DATA SECTION:
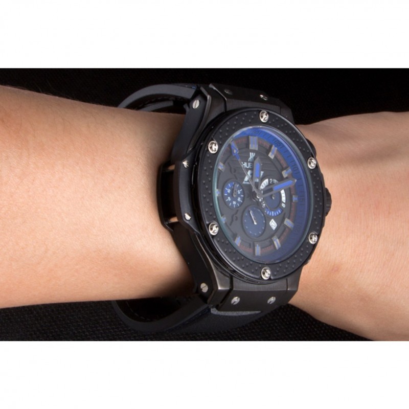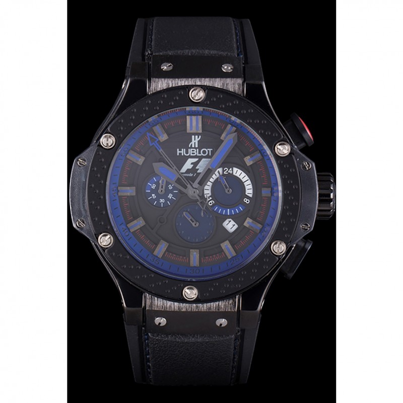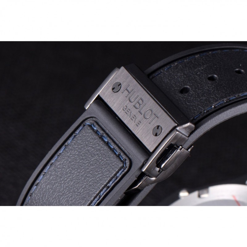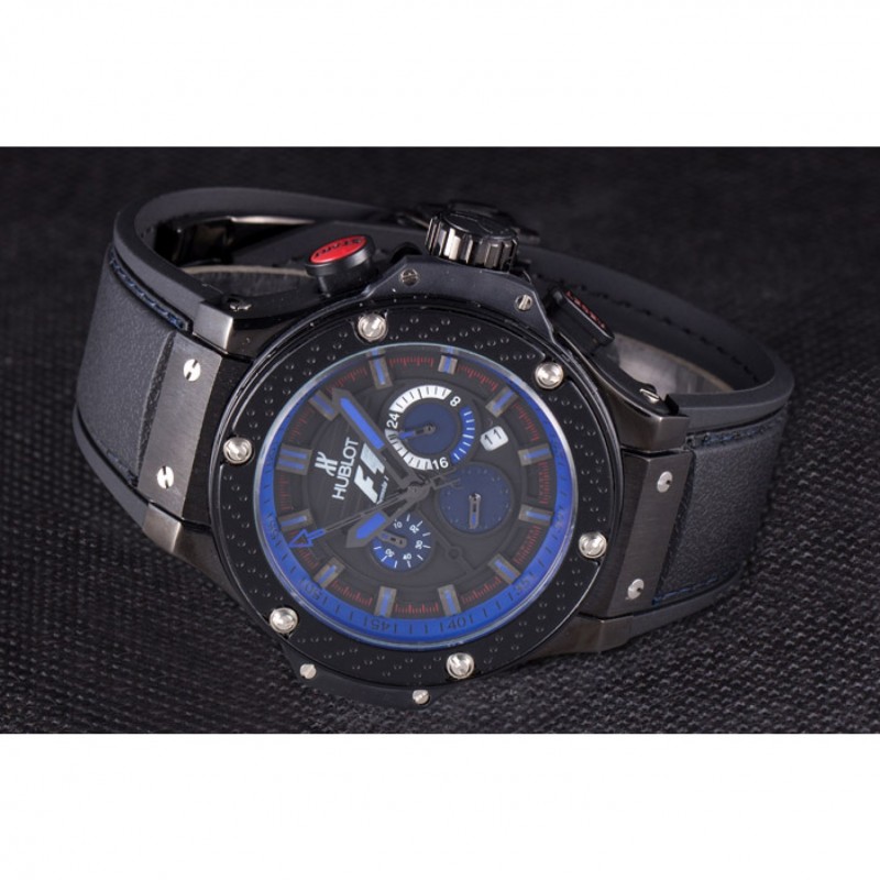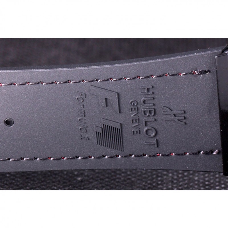 pulsera : correa de caucho negro con textura de calor Hublot Geneve F1 en relieve con la costura de hilo azul y Hublot Geneve grabado ion-plateado push-liberación gancho corchete
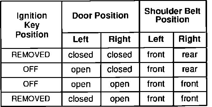 When the ignition switch is turned OFF and the key is removed, the driver's shoulder belt travels forward and remains there, regardless of the driver's door position. The passenger's belt remains in the rear position until the passenger's door is opened, at which time the belt travels forward and remains there.
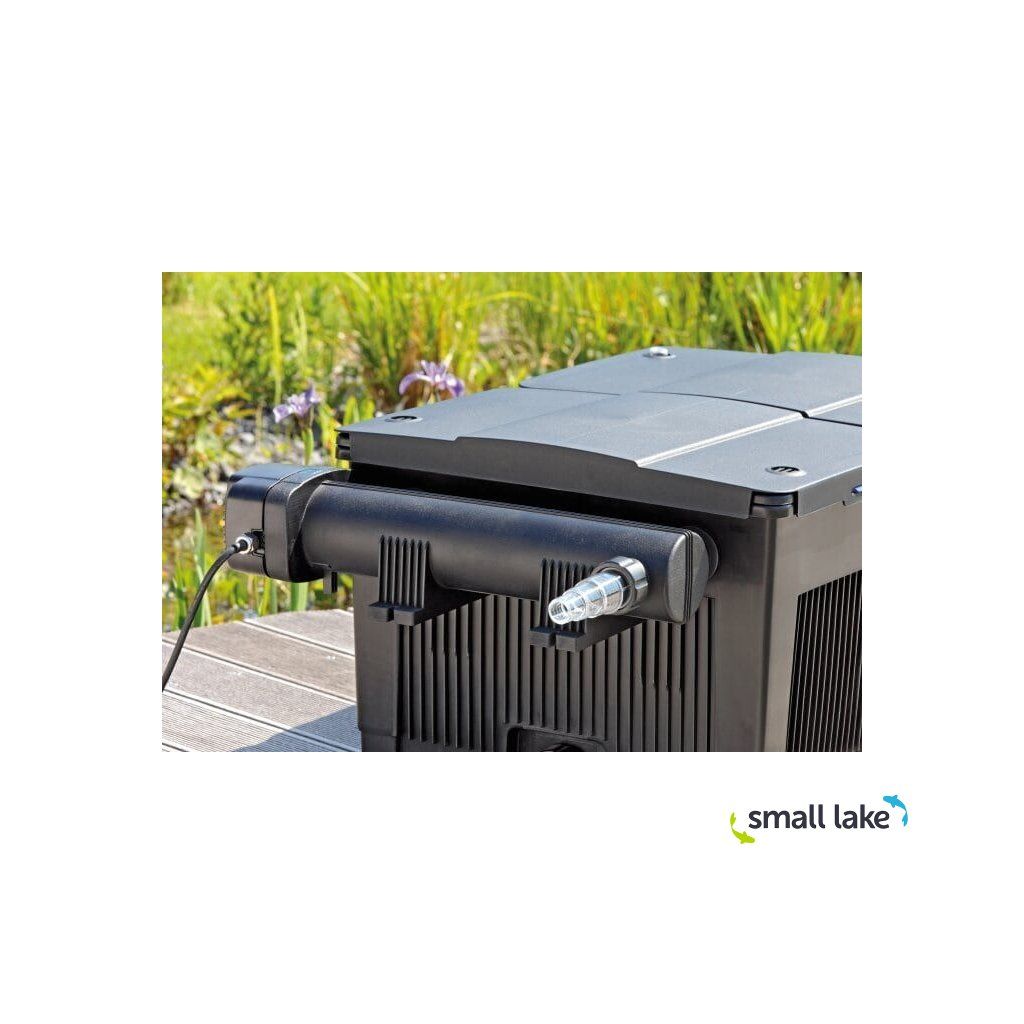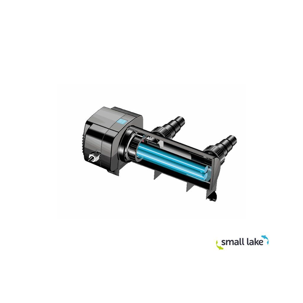 Návod na použití: Zkontrolujte, zda skleněný válec UV lampy není poškozen. S poškozeným válcem nelze UV lampu provozovat. Nainstalujte přiloženou zářivku.Při montáži zářivku uchopte u patice (nikoliv za sklo) a nasaďte do objímky. Na vývody UV lampy připojte hadice. Jeden konec hadice nasaďte na výstup čerpadla a druhý na vstup do jezerního filtru. Pokud dojte k poškození přívodního kabelu vyřaďte lampu z provozu.

PROBLEM STATEMENT:
Reproduce the lines above exactly, image-free.

EXERCISE ANSWER:
 pulsera : correa de caucho negro con textura de calor Hublot Geneve F1 en relieve con la costura de hilo azul y Hublot Geneve grabado ion-plateado push-liberación gancho corchete
 When the ignition switch is turned OFF and the key is removed, the driver's shoulder belt travels forward and remains there, regardless of the driver's door position. The passenger's belt remains in the rear position until the passenger's door is opened, at which time the belt travels forward and remains there.
 Návod na použití: Zkontrolujte, zda skleněný válec UV lampy není poškozen. S poškozeným válcem nelze UV lampu provozovat. Nainstalujte přiloženou zářivku.Při montáži zářivku uchopte u patice (nikoliv za sklo) a nasaďte do objímky. Na vývody UV lampy připojte hadice. Jeden konec hadice nasaďte na výstup čerpadla a druhý na vstup do jezerního filtru. Pokud dojte k poškození přívodního kabelu vyřaďte lampu z provozu.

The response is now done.